Kennedy, Anthony McLeod
Kennedy, Anthony McLeod, 1936–, associate justice of the U.S. Supreme Court (1988–2018), b. Sacramento, Calif., grad. Stanford (1958), Harvard Law School (1961). For many years (1965–88) he taught at the McGeorge School of Law at the Univ. of the Pacific, and he has continued to teach there on an occasional basis. He was named to the U.S. Court of Appeals for the Ninth Circuit in 1975. In 1988, after the highly contested and unsuccessful nominations of Robert Bork and Douglas Ginsburg, President Reagan nominated Kennedy to the U.S. Supreme Court, replacing Lewis F. Powell.
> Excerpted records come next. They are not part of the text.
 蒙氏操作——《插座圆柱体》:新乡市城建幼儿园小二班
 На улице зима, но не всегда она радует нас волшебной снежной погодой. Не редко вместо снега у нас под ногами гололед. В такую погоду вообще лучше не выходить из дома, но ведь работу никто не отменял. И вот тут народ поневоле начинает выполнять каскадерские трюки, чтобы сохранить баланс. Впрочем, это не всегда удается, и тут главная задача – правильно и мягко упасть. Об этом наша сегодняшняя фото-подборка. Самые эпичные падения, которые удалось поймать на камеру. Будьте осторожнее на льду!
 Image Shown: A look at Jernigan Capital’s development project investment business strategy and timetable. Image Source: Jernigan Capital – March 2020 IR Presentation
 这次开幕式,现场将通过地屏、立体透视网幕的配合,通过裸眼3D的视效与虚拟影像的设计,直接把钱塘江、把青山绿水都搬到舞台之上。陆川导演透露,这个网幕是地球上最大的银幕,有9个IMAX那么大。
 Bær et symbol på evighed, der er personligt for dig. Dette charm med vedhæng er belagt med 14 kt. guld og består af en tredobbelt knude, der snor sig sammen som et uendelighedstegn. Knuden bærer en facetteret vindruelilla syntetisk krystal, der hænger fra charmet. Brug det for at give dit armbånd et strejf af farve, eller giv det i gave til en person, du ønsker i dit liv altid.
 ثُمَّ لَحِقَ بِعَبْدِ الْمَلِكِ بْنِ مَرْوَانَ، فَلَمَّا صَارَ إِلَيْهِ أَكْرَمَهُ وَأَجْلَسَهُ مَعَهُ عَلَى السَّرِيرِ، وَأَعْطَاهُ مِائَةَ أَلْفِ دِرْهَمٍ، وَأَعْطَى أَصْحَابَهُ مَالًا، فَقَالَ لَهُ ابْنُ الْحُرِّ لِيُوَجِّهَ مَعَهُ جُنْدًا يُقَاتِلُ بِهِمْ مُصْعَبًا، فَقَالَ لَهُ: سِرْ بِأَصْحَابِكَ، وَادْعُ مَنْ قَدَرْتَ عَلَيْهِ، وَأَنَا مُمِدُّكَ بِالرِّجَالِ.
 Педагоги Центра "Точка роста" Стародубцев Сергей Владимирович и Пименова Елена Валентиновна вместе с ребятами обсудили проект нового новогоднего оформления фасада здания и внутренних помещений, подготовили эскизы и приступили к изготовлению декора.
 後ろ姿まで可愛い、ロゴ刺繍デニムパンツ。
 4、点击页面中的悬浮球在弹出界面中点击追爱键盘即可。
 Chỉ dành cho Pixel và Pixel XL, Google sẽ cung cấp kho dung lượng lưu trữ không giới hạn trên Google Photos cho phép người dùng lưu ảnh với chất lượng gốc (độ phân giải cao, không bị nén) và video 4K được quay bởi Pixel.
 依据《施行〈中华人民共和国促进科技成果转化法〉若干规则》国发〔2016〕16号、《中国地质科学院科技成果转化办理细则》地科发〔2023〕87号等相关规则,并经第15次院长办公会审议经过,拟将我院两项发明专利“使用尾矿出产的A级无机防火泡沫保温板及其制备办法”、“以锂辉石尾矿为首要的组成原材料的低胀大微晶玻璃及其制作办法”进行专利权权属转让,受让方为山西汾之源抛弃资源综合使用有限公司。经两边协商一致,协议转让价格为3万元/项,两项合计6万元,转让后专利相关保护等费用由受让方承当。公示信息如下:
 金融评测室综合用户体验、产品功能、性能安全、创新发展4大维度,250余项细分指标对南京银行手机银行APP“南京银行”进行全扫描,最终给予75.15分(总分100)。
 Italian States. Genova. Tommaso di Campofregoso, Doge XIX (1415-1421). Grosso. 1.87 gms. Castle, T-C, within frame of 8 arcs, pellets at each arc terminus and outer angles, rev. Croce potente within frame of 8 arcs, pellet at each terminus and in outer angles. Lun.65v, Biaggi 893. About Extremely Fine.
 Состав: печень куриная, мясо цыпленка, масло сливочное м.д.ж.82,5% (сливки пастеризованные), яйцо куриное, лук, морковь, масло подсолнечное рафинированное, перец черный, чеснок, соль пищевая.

On the court, Kennedy demonstrated a fairly conservative voting pattern, but by the mid-1990s he had come to be regarded as part of a centrist bloc with Sandra Day O'Connor and David Souter. Further changes in the court's composition by 2007 made Kennedy the main swing voter on the court. He also came to be noted for advocating the consideration of foreign and international law and legal decisions when deciding U.S. constitutional issues and for his opinions in support of gay rights.
See F. J. Colucci, Justice Kennedy's Jurisprudence (2009).
The Columbia Electronic Encyclopedia, 6th ed. Copyright © 2012, Columbia University Press. All rights reserved.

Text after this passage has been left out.